Putri Apriani, No.11
Pada kenyataannya aku tak pernah bisa benar-benar mencintai orang lain.
**
Mungkin hanya aku yang tahu persis tentang perasaan ini, perasaan padamu tentunya. Ah, andai kau tahu, Rendra. Sedikitpun aku tak pernah mencintai orang lain dan pada kenyataannya aku tak pernah bisa benar-benar mencintai orang lain.
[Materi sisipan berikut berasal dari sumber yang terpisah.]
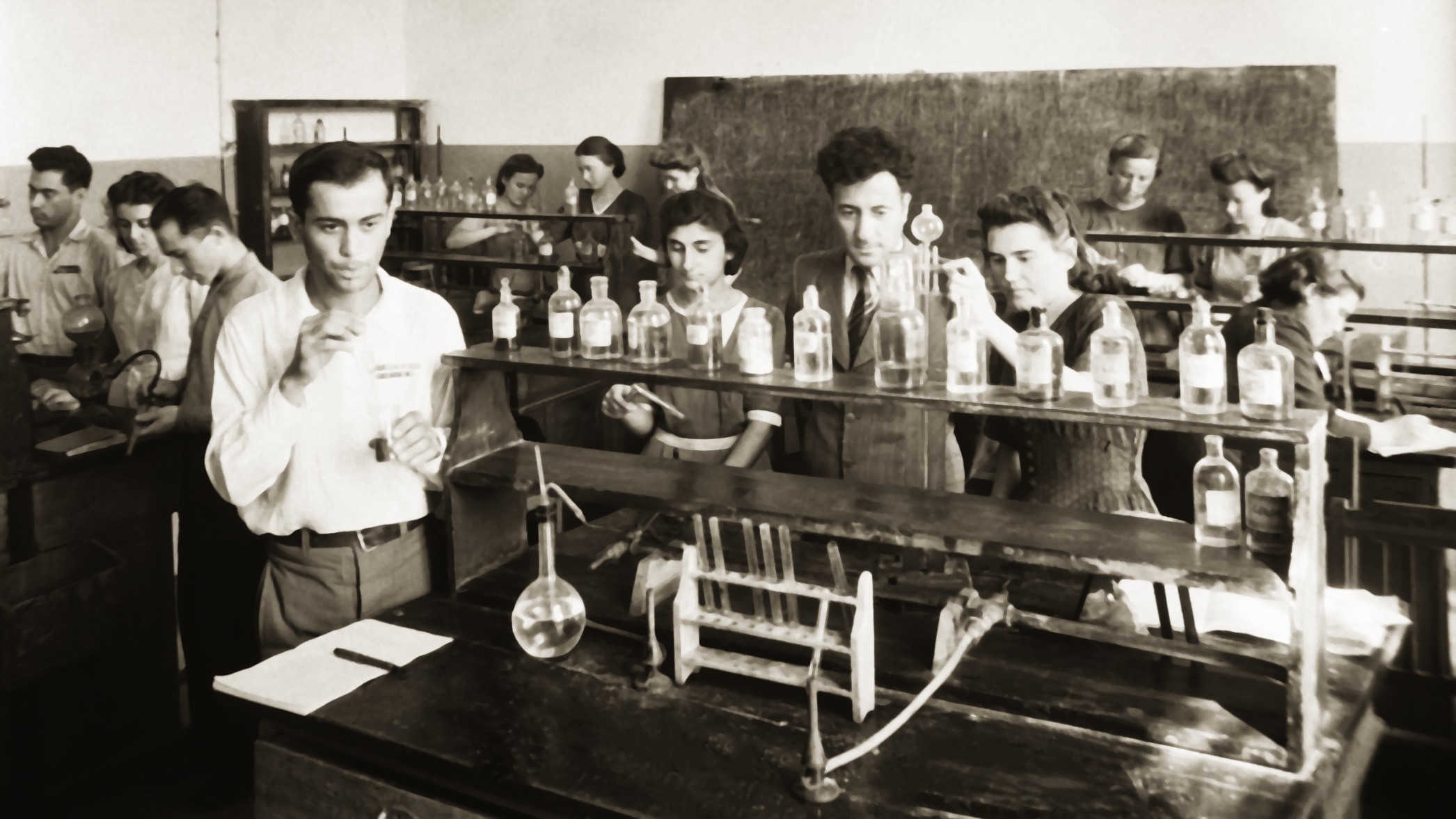 | Universitetin professor-müəllim heyəti müzakirələr zamanı (1940) | Dosent Cümşüd Zülfüqarlı Qeyri-üzvi kimya laboratoriyasında (1940) |

Kamu ingat, ketika kita masih duduk di bangku sekolah? Kita seringkali melakukan segala sesuatu bersama, berangkat dan pulang bersama. Banyak yang mengira kita adalah sepasang anak kembar, namun kenyataannya kita hanya sahabat. Dan yang lebih membuatku sesak, hingga kini, setelah sebelas tahun berlalu kau tetap menganggapku sebagai sahabat! Rendra, tidakkah kau merasa bahwa aku menganggapmu lebih dari sekedar itu?
Aku selalu menanti, berharap waktu membawa keberuntungan yang dapat berpihak padaku, sekali saja. Tapi, nyatanya setelah detik aku rangkai menjadi bukit, tetap saja ucapan itu tak pernah keluar dari bibirmu. Satu kata yang mungkin membuat aku jadi wanita paling bahagia di dunia ini. Satu kata itu, cinta.
Aku lelah, lelah berpura-pura tak tahu dengan semua perasaan ini, sementara hatiku berkecamuk, aku takut, takut kehilanganmu, Rendra.
**
“Vit, aku ingin bicara, kamu pasti suka dengan ini.” Ucap Rendra yang tetiba saja datang di hadapanku.
Aku meletakkan cangkir teh yang baru saja aku minum, berusaha terlihat tenang di depan Rendra. “Bicara tentang apa?”
“Dengarkan baik-baik ya. Aku dipromosikan naik jabatan oleh bosku, dan mulai bulan depan aku akan dipindah tugaskan ke Bali!” Rendra menjelaskan dengan penuh semangat.